The cornerstone of any viable health-care proposal has to be putting the brakes on the escalating cost of care. Those who advocate expanding the federal government's role by insuring Americans under 65 should first answer this question: If Medicare can't control costs, how could another government insurance program succeed?
The biggest obstacle to reining in Medicare costs has long been that Congress ultimately decides which services are reimbursed and for how much. In this role, lawmakers are targeted by lobbyists for doctors, hospitals, makers of pharmaceutical and medical devices, and patient advocacy organizations. Each group pushes for more care or fatter reimbursements with little or no regard for the overall costs that result. This has left us with a system in which many doctors no longer accept patients on Medicare to avoid issues and costs tied to low reimbursement, as other health costs have spiraled ever upward.

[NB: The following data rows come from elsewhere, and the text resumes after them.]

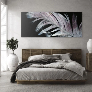 La peinture sur verre est faite sur un verre de 4 mm d'épaisseur. Les bords du verre ont une arête trapézoïdale mate. La tableau est sûr à l'utilisation et prêt à être accroché - il a des crochets en métal attachés à l'arrière du cadre et des entretoises en mousse permettant la régulation uniforme de la distance du tableau au mur.
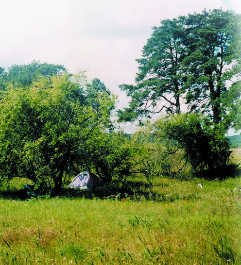 Автобус отошел точно по расписанию, и через три с половиной часа приехали. По всему селу опрятные огороды темнеют вскопанным черноземом, зеленеют грядки чеснока и лука. Хозяева, у которых мы иногда ночевали, расчищают клубничник. Поздоровавшись и немного поговорив — всем некогда — отправляемся в путь через лужки и разливы к реке. Уже слышна кукушка, а в лозах «протехкал» первый соловей, слишком уж рано в этом году. Через часа полтора мы на знакомом берегу. Ставим палатку. Стелим сосновый лапник, вырезаем стойки и колышки. Хор квакш у залива оглушает весеннюю ночь. Утро встречаем с песней юлы. По берету бегает белая трясогузка, вторая щебечет на ветке тополя. От горизонта веером расходятся перьевые облака.
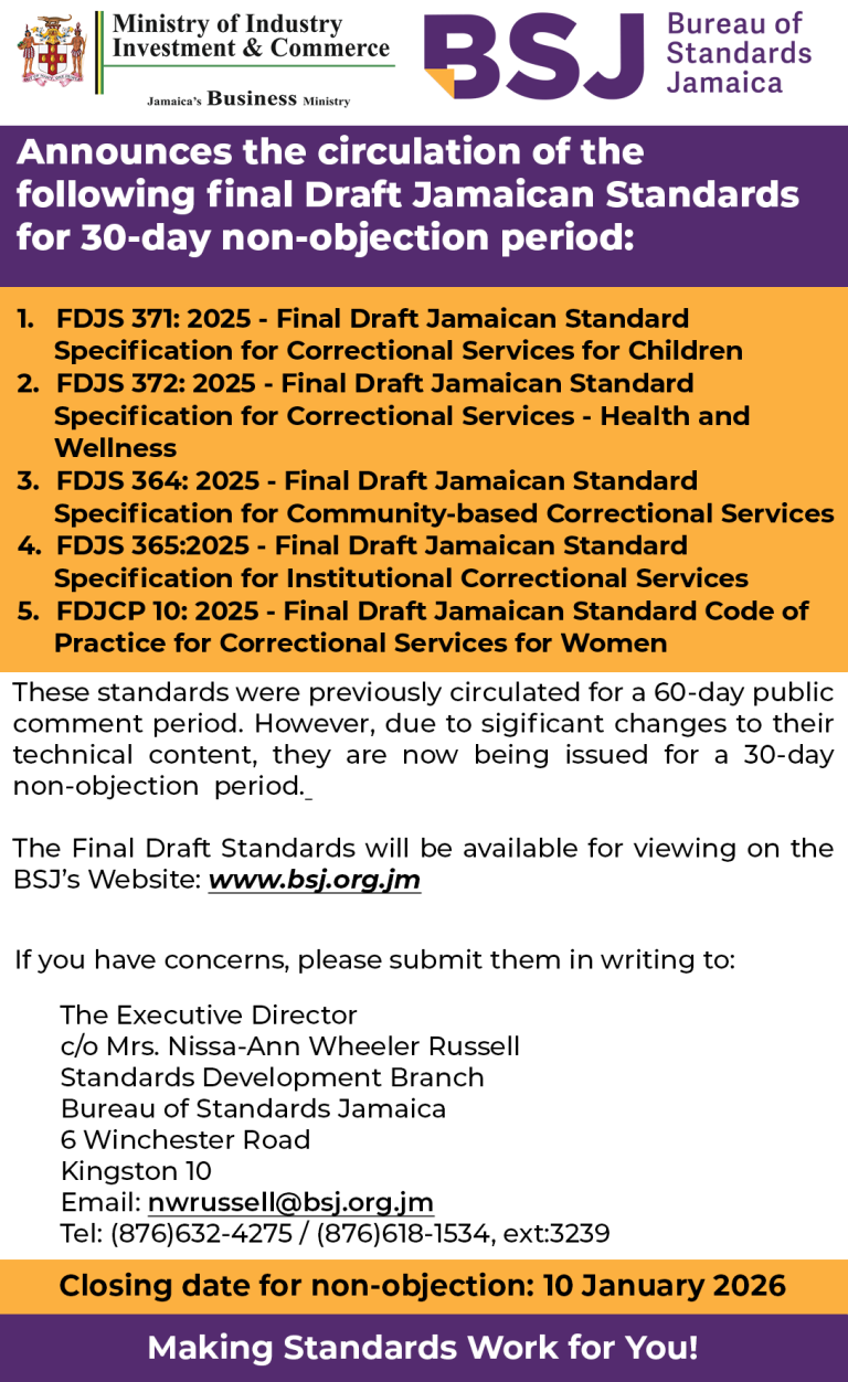Click here to view FDJS 365: 2025 – Final Draft Jamaican Standard Specification for Institutional Correctional Services
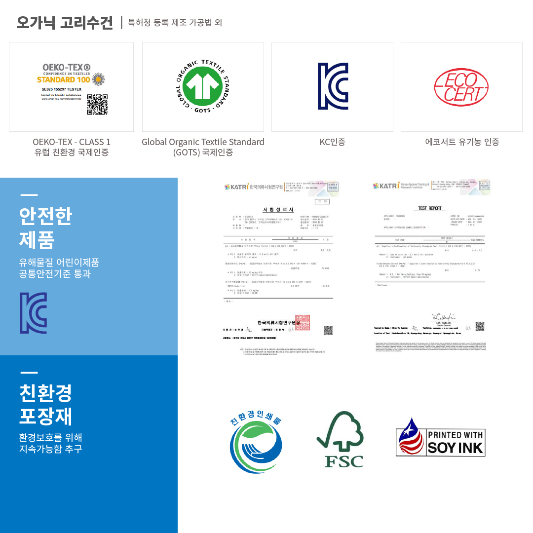 [ 친환경 오가닉 인증을 받은 안전한 수건 ]
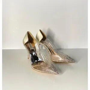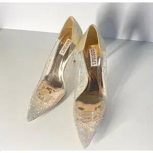 Elegant and sophisticated, these Badgley Mischka stiletto heels feature a clear PVC upper with rhinestone embellishments and satin heel caps, ideal for formal events.
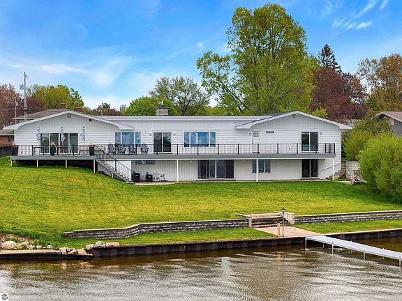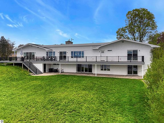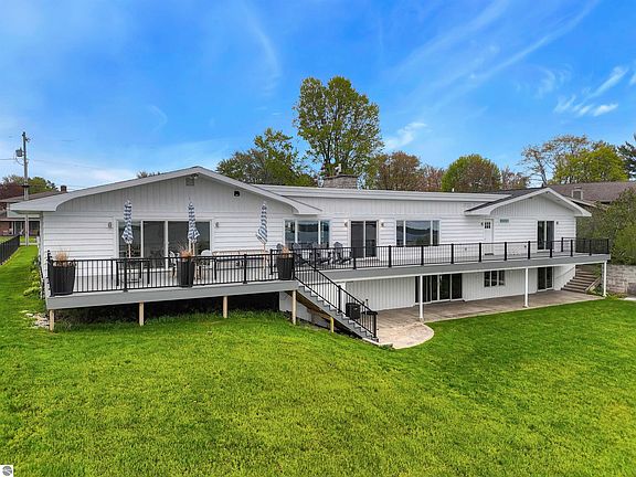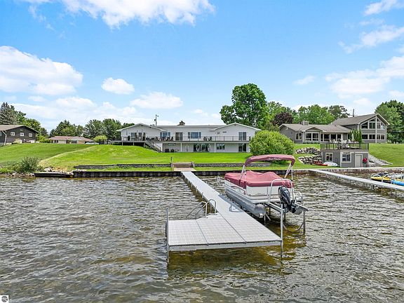 Simply stunning with a huge WOW factor begin to describe this waterfront home on beautiful Lake Cadillac! This home has been completely and tastefully renovated inside and out, and is ready for your family and friends. Designed for gathering and entertaining, the main floor boasts a large open kitchen and living room concept. The kitchen has a sprawling island, two separate sink areas, exquisite backsplash tile work, and then the showcase AGA 83" dual fuel range, which you must research to be amazed! Warm hardwood plank flooring runs throughout this area, as well as the dining and bar area. The primary bedroom offers relaxing lake views, and more extensive tile work in the bathroom. There are two more bedrooms on the main floor, with one of them being its own private suite! The WOW factor continues in the lower walkout level. There is a large rec room space with a 12' glass slider, a 4th bedroom offering lake views, and a spacious guest bathroom. Then there is the well thought out designated kids or guest area. This contains another rec room, two bedrooms with built in beds for up to 8, and a bathroom that features two separate showers, two lavatories, and a gorgeous three bowl vanity! Outside is where the lakefront fun begins. The 115' of water frontage provides a gradual sandy bottom and breath taking sunsets, and an added bonus of almost 4000 acres of water to explore between the two lakes. There are three large glass doors leading to the 95' of brand new deck, along with multiple picture windows making the inside feel like you are outside! Be sure to watch the video walkthrough, and then this is a must see to take it all in. There were no dollars spared in the renovation, not a room left untouched, and not a detail was missed. Come see if this could be your forever paradise! With a full price offer, this home could come completely turn key with all the furnishings, dock, boat, and hoist!

It doesn't have to be this way. Consider: In 2005, the New England Journal of Medicine published a large study funded by the National Institutes of Health and a consortium of pharmaceutical companies, conducted at 74 sites in the United States, comparing the cost-effectiveness of drugs used to treat schizophrenia. It found that, on average, a low-cost generic drug was as effective, if not superior, to most of the more expensive proprietary drugs. The authors estimated that restricting the use of proprietary drugs in favor of a more cost-effective generic drug for the first line of therapy might have saved Medicare $5 billion to $10 billion a year. But interest groups' lobbying persuaded lawmakers to block Medicare from restricting reimbursement to a level closer to the price of the generic drug. Another NIH-sponsored study looked at patients with high blood pressure at risk for heart attacks and strokes and found that a simple, low-cost diuretic medicine was at least as effective as newer medicines. Experts, not politicians, should be making these decisions.
Meanwhile, though beneficiaries are mostly pleased with Medicare, most hospitals and doctors are not. And little wonder that some providers are refusing to treat Medicare patients: The program's regulations run thousands of pages, making it incredibly difficult to understand why certain tests or treatments are reimbursed as they are. The Medicare fee schedule for doctors alone has more than 10,000 rates of coverage.
In years past, simply focusing on cutting costs has not worked. Trying to move more patients into Medicare HMOs does not appear to be working. Proposals to transfer Medicare oversight to the states simply shifts responsibility without addressing the real problem; it fails to eliminate the political influence on decision making about how Medicare dollars are allocated.